Seasoned public speakers might frown upon it, but we all use filler words in our conversations. It is not just umm, aah, like. Other common ones include so or maybe (to start sentences), right? (to end sentences), kind of, I think, and sort of (in the middle of sentences). Every language has its own set of filler words, and people in the same organization tend to use the same fillers.

It is believed that overuse of filler words can undermine our credibility and cut the strength or impact of our message in half – ‘maybe this is irrelevant, but…’. It is also a sign that we aren’t confident in our messages. Even if we use fillers to just pause, the average listener assumes that we’re saying ‘like’ or ‘maybe’ because we are anxious or not prepared. Then, is there a way to use fillers to an advantage? Are there situations where they can be helpful? Yes:

  1. To cushion the effect of a message. If you’re giving critical feedback to an employee, fillers help soften the message. Words like ‘maybe’ and ‘probably’ leave some breathing room for the receiver to think about the feedback and make it sound less accusatory.

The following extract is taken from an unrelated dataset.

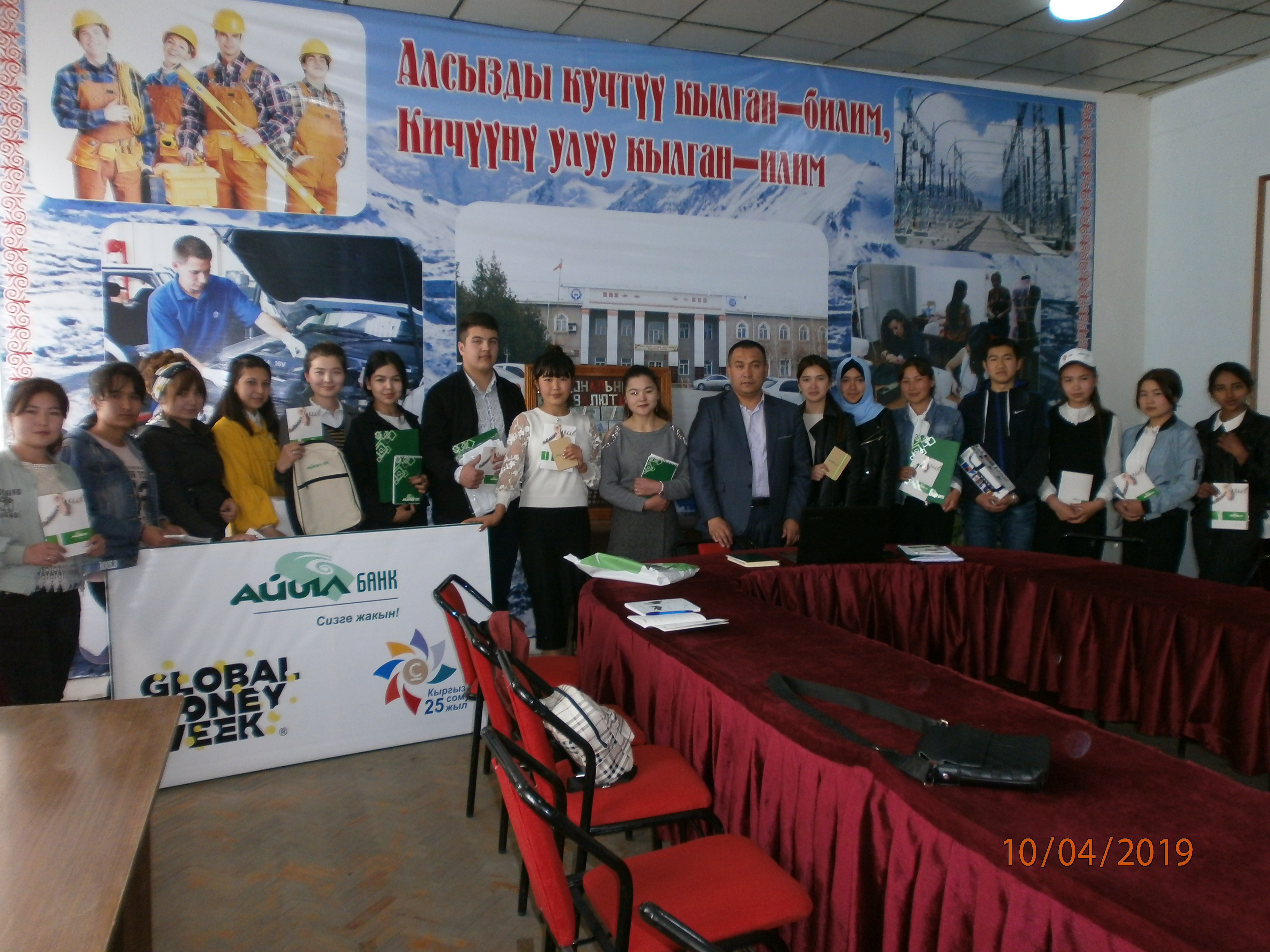 На данное мероприятие были приглашены студенты Горнотехнического колледжа им. Т.Кулатова. Управляющий филиалом Абдикамал Насиров лично провел тренинг на тему Национальной валюты, рассказал о функции денег, об истории развития национальной денежной валюты. Также рассказал об уровне банковской системы КР и об этапах развития и становления ОАО "Айыл Банк". Также была проведена викторина и хорошо ответившим студентам вручили ценные подарки.

“When you made that comment about maternity leave being excess, I think it hurt people who’ve just come back from that leave. Maybe they are feeling targeted or left out. Are you willing to speak to them to clarify?”

  1. To give yourself some room to think. When in the middle of delivering a presentation or announcing new initiatives to the team, you might need to answer questions, or need time to recall information. Using fillers intentionally can give you this space. Saying them right will also prevent people from interrupting your thought or speech.

“That’s a great question. Ummm… let’s see, maybe give me a min to think about it.” Or “There could be a different approach to this problem, maybe let’s pause to think.”

  1. To pitch into a conversation or halt someone. This often happens in team meetings where 2-3 people engage in a discussion, and others feel that they can’t contribute. Fillers then offer a gentle way of breaking into the conversation. Another use – if you have something to say and aren’t finding the right opening, fillers like ‘so’, ‘actually’, ‘you know what’, and ‘I feel’ can help you start the conversation.

“You know what, I have someone in mind who could be helpful in this situation,” or “So, I’m wondering if we can hear other perspectives in the room.”

Language matters in demonstrating our effectiveness as leaders. Given that we all tend to use them, are there any fillers to steer clear of? The general consensus – avoid starting sentences with “I’m sorry..”, if you need 10 seconds to think, stop saying ‘like’ multiple times to fill space, and lastly, avoid ending sentences with ‘right’. Keep these three at bay, and you’re good to go!